I am trying to understand the Random Survival Forest output and how to use it to predict survival times of a cancer patients in an active drug study. I have stepped through this demo that uses breast cancer data from 686 individuals to train a survival time model and I don't quite understand the output of the trained model.
It seems that the Random Survival Forest is being trained on data where each row corresponds to a patient and the covariates/predictors (estrogen levels, tumor size, etc) are from the "endpoint" of the study: either when the patient passes or when the study ends.
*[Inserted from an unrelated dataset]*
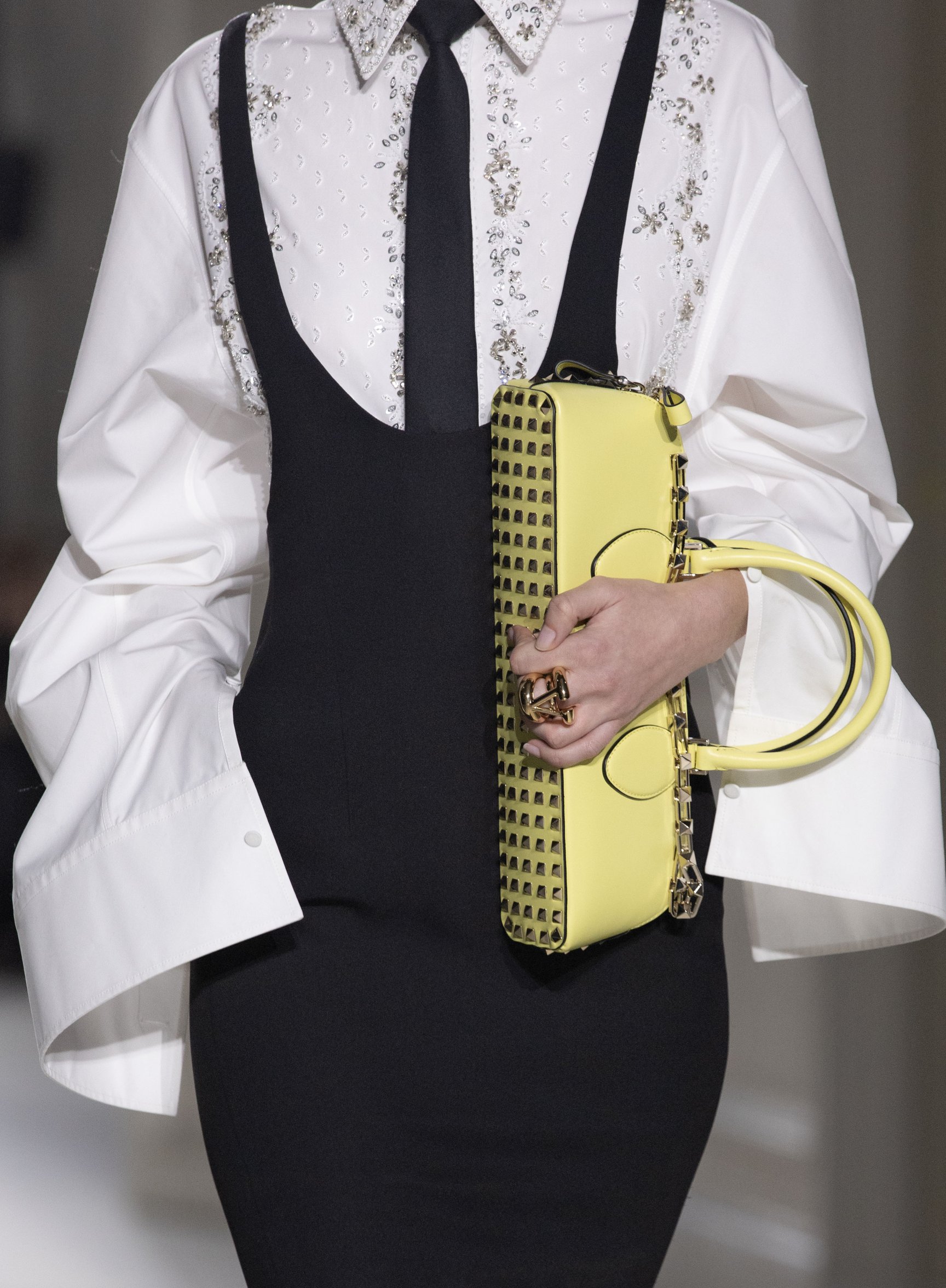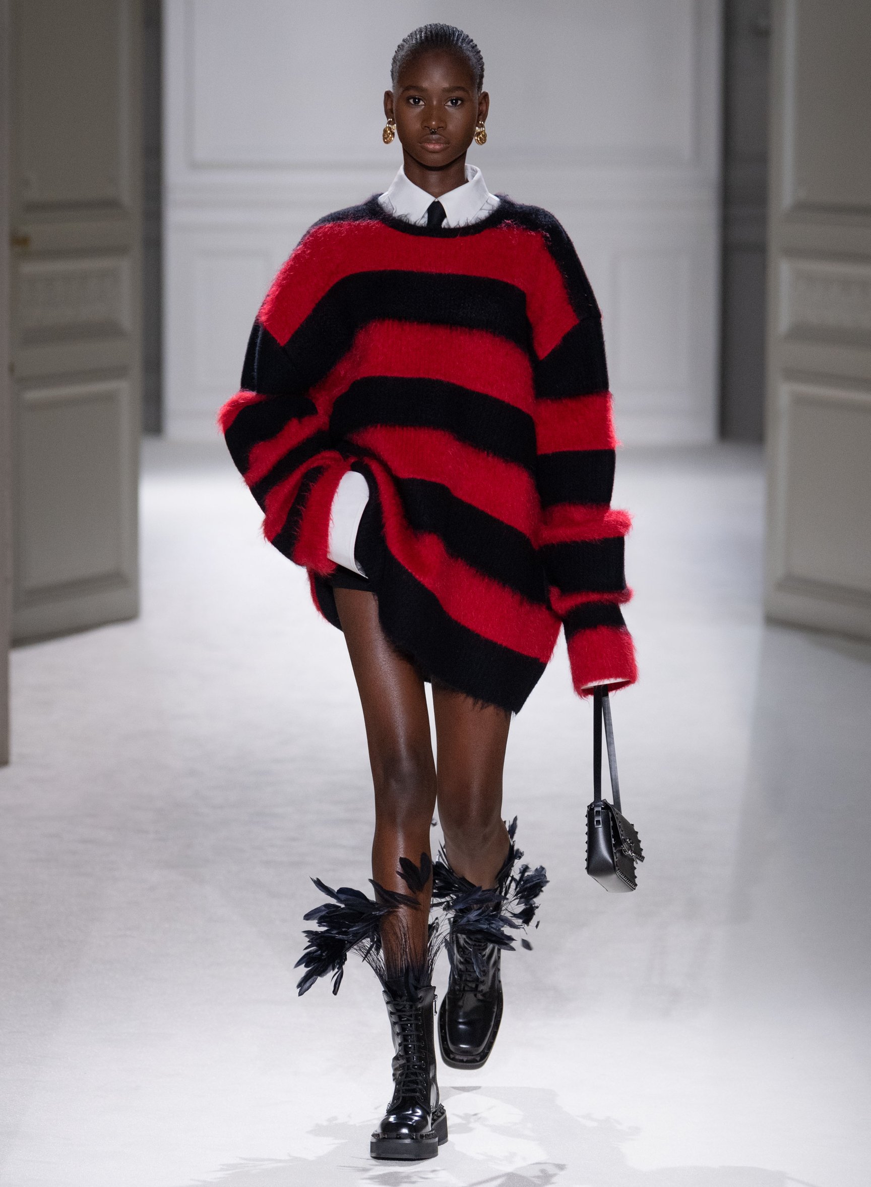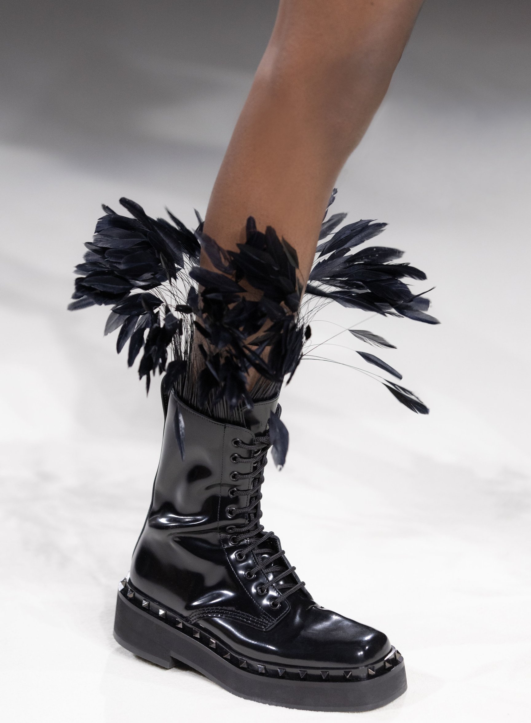 このほかにも個性豊かなモデルたちが登場し、パンクなムードを盛り上げる。足元にはスタッズ付きのアンクルブーツを履き、メゾンのアイコンである「ロックスタッズ」のバッグを手にしていた。ピッチョーリはこれを"ルネサンス ハ?ンク"と呼ぶ。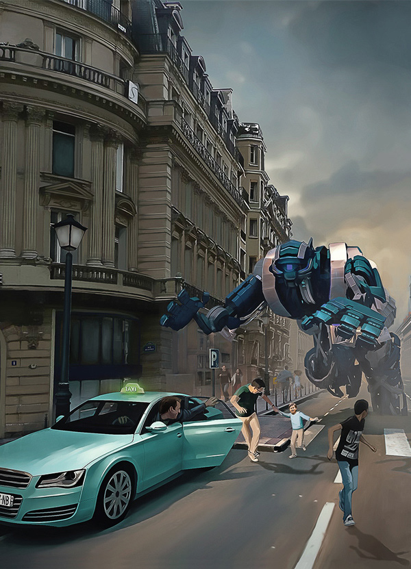 Illustration pour la couverture du livre "Uber, la prédation en bande organisée" de Laurent Lasne, paru en 2015 aux éditions Le Tiers Livre.

The demo then uses the test data (which similarly has "endpoint" covariate measurements) to score the model. The output of rsf.predict_survival_function(X_test_sel, return_array=True)
gives an array that represents the survival probability over time for each patient in X_test_sel
. Is the correct interpretation of this array the survival probabilities for time t
where t
is after the measurement time given as input to the model or is t
the time from the start of the study?
Additionally, wouldn't a more realistic test scenario be using covariate measurements of a patient at the start of the study (and not at the endpoint)? Can a model be trained on "endpoint" covariate measurements be used to actually predict the survival time of a patient whose future covariate measurements are not known (where only current measurements at the start or midpoint of the drug trial are given)?
Apologies in advance if these are very basic questions; I am new to the area.